3. Crowe and Le were originally scripted to fight each other, but Crowe’s limited shooting schedule meant he would not have the time to rehearse the fight, and Le instead was scripted to fight Liu.
4. The first cut of the film was 4 hours long and RZA suggested splitting it into two films, but Roth disagreed and it was ultimately cut down to 96 minutes to meet the studios requirements and to excise gorier content that would gain the film a restrictive rating, limiting its audience.
5. One effect that was written specifically for computer effects saw Yune’s character kill 6 opponents, and their resulting airborne blood spray.
6. The action scenes resulted in several injuries, including Bautista who was left with raw and bleeding arms by RZA’s sandpaper-like iron fists, during their fight scene.
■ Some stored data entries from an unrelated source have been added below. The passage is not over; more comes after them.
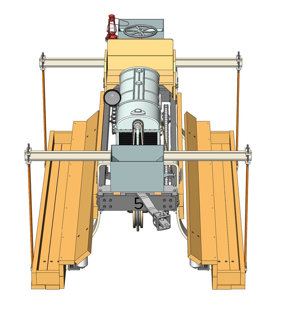 I noticed you have changed the design from the one with the steel 'I' sections to hold up the loading arms to this one. I wonder if this was an earlier version used during the construction of the operation, and functioned better for hauling lumber and such (due to the binders holding the load in place), and the 'I' beam model a later version because it was able to provide a trough/bin into which to load the salt bags and other supplies.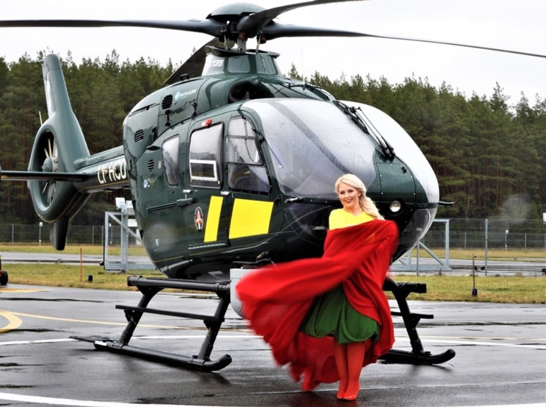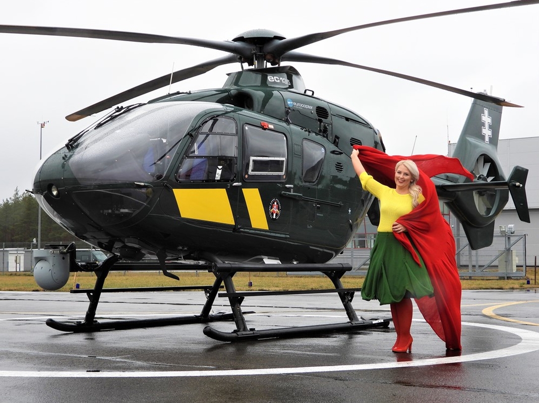 Vieną originali trispalvė, kurią dizainerė Milda Bordeaux pavertė suknele, buvo atgabenta ir į VSAT Aviacijos bazę Trakų rajono Paluknio miestelyje.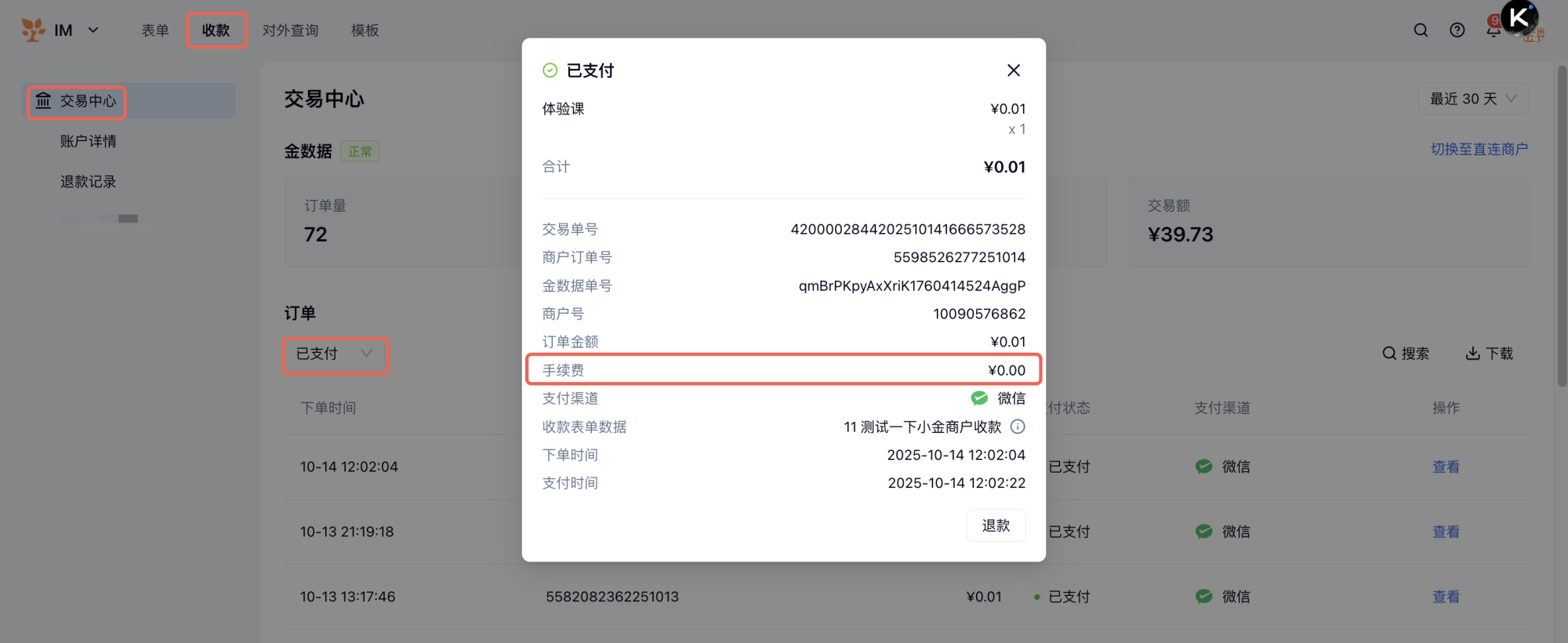 你可以在金数据 「收款——交易中心」 板块,点击订单查看按钮,查看该笔订单手续费。

7. The cast features several veteran martial-arts actors including: Chen Kuan-tai as Golden Lion, the murdered leader of the Lion clan; Bryan Leung as Hyena Chief, leader of the Hyena clan; Telly Liu as Iron Lion; Xue Jing Yao as Copper Lion; Zhu Zhu as Chi Chi, Zen-Yi’s fiancee; Terence Yin as the Governor; and Gordon Liu as The Abbot, a stoic monk. Liu’s role was written for RZA’s Shaolin teacher Shi Yan Ming, but Ming could not obtain permission to return to China for filming.